It also showed 15 carrier-based J-15s, most likely flying from China’s Shandong aircraft carrier, flying east of Taiwan. Taiwan has been tracking the Shandong in the Western Pacific since last week.
Reuters reporters on the coast near the Chinese city of Fuzhou on Tuesday saw separate, and much more low-key, drills taking place, with a warship firing at targets. Those exercises were announced before China’s massed drills around Taiwan.
Fuzhou sits close to the Taiwan-controlled Matsu islands.
“DEFEND THE COUNTRY”
Tsai said Taiwan’s armed forces and coast guard reacted calmly and professionally to China’s exercises, and she thanked everyone involved.
“Although China’s military exercises have come to an end, the nation’s military and national security team will continue to stick to their posts and defend the country,” she added.

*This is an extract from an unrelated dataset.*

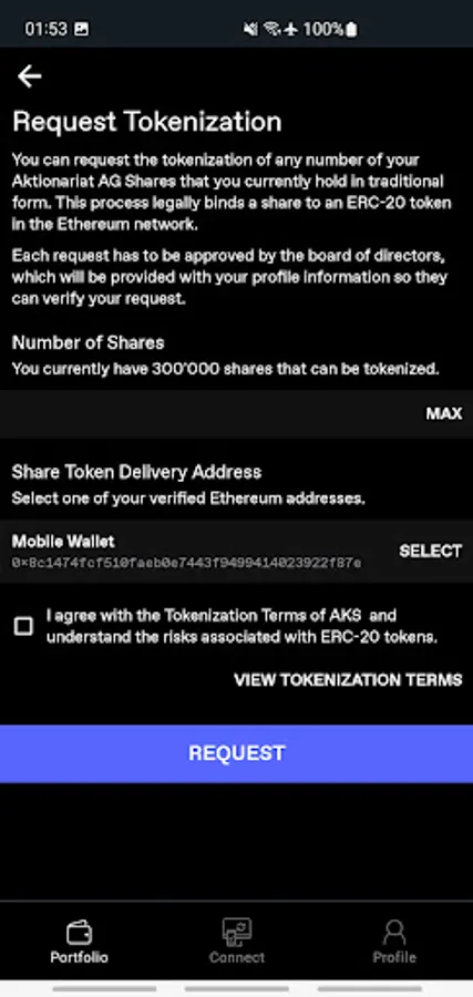 Aktionariat AG also manages the company shareholder registry for its client companies. If you are a shareholder who only holds traditional shares in such a company, you can request tokenization of your shares directly from inside the app. The app automatically fulfills your legal duty to register yourself as a shareholder for all the share tokens you acquire.

The exercises have also caused concern in Japan, especially as its southern islands sit close to Taiwan and could become caught up in a conflict.
The Japanese island of Okinawa is host to a major US air force base, and last August when China staged war games to protest the visit of then-US House Speaker Nancy Pelosi to Taipei, Chinese missiles landed within Japan’s exclusive economic zone.

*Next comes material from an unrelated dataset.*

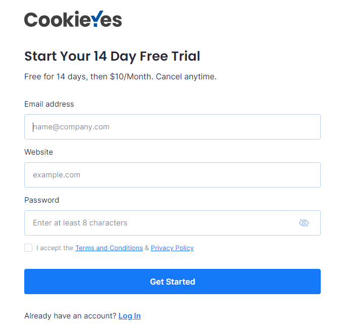 注册Cookie Yes账号

Japanese defence minister Yasukazu Hamada on Tuesday described China’s military drills around Taiwan as “intimidating training” to seize sea and air control around the island.
China appeared to have shown an “uncompromising attitude” regarding Taiwan issues through the drills, Hamada told reporters.

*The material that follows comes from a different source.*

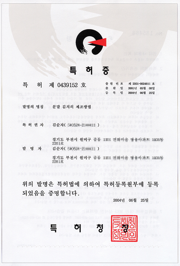 | 13 | 2004. 06. 25 | 0439152 | 분말김치 제조방법 |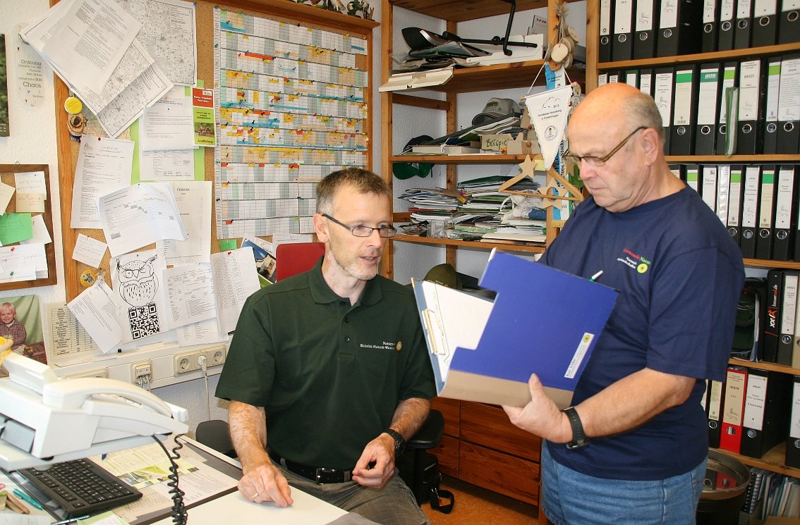 Regelmäßig übergibt Martin Schmidt (rechts) in der Naturparkverwaltung Fürstenhagen die Ergebnisse seiner Parkplatzrecherchen an Uwe Müller. Der Verantwortliche für Öffentlichkeitsarbeit leitet sie an das zuständige Thüringer Ministerium weiter.

Life in Taiwan has continued as normal despite the tensions, with no signs of panic or disruption, and civilian flights around the island, including over the Taiwan Strait, were also uninterrupted.
Both Taiwan’s ruling and opposition parties, in a rare show of unity, put out a joint statement from their parliament caucuses condemning the drills.
“The people and government of Taiwan have the right to conduct normal exchanges with other countries and contribute to the international community through international participation,” the statement said. “The Chinese authorities have no right to obstruct and cannot change the strong will of the Taiwanese people to go out into the world.”